Active, electronically steered arrays (AESAs) are increasingly being implemented into (mainly military) systems currently and there is substantial mileage for important new developments. For some decades the potential advantages have been well known in terms of having a radar beam that could be scanned at orders-of-magnitude faster rates than available mechanically.
In earlier instances the fundamental high-power signal for phased arrays was obtained from a microwave tube source such as a TWT the output of which was separated to feed typically some tens through hundreds of individual antenna elements. The advent of MMICs for both transmit and also for receive functions has transformed the technology and functionality associated with such arrays. Therefore, with this updated report, we are concentrating exclusively on AESAs.
Demand for radars is steadily increasing-both commercial and (especially) military.
The 'War against Terrorism' and the campaigns in both Afghanistan and Iraq have continued to drive upwards electronics requirements in defense and security applications. This applies to airborne, battlefield, naval and (to a limited extent) space-based radars.

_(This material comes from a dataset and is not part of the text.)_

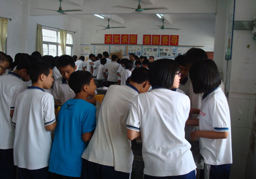 活动现场开展了围绕人体必需的六种营养素的小实验。其中,“精米和糙米实验”以显而易见的实验结果揭示了“面吃粗,米吃糙”的科学道理;“生吃还是熟吃蔬菜实验”通过动手操作,使学生们懂得了维生素C既不像想象的那么怕热,又不能高温久煮,倡导了“吃清淡且快速烹调的熟蔬菜,加上部分清爽脆嫩的生蔬菜,再配以少油烹调的肉类。”的科学饮食方法;而“鲜黄瓜的实验”则澄清了长期以来“食物相克”带给人们的困扰和纠结,弘扬了“具体问题具体分析,不人云亦云”的科学精神。同时,还开展了科普大篷车车载展品、科普展板展示、播放科普宣传片和科普资料发放等活动。本次活动共展出车载展品8件,展出“食品安全与健康”、“节能减排,从我做起”、“卫生与健康”、“科学运动,减少疾病”等内容的科普展板40多张,播放食品安全教育短片——《安安带你看食品安全》,发放科普宣传资料3000多份,有1000多名学生接受了科普教育。

In this report we cover in depth a study of the various types of AESAs, their production and developmental status, specific examples of airborne, shipboard/naval, land-based, and spaceboard phased array radars. We also include a study of the components and subsystems used in such arrays and provide competitive assessments of key players in this industry-including the systems integrators and principal consortium members. Major examples are: EADS Defence Electronics (notably Cassidian), Galileo Avionica, INDRA, Israel Aerospace Industries (IAI), Northrop Grumman, Raytheon Company, Saab Microwave Systems, Selex Galileo-and Thales.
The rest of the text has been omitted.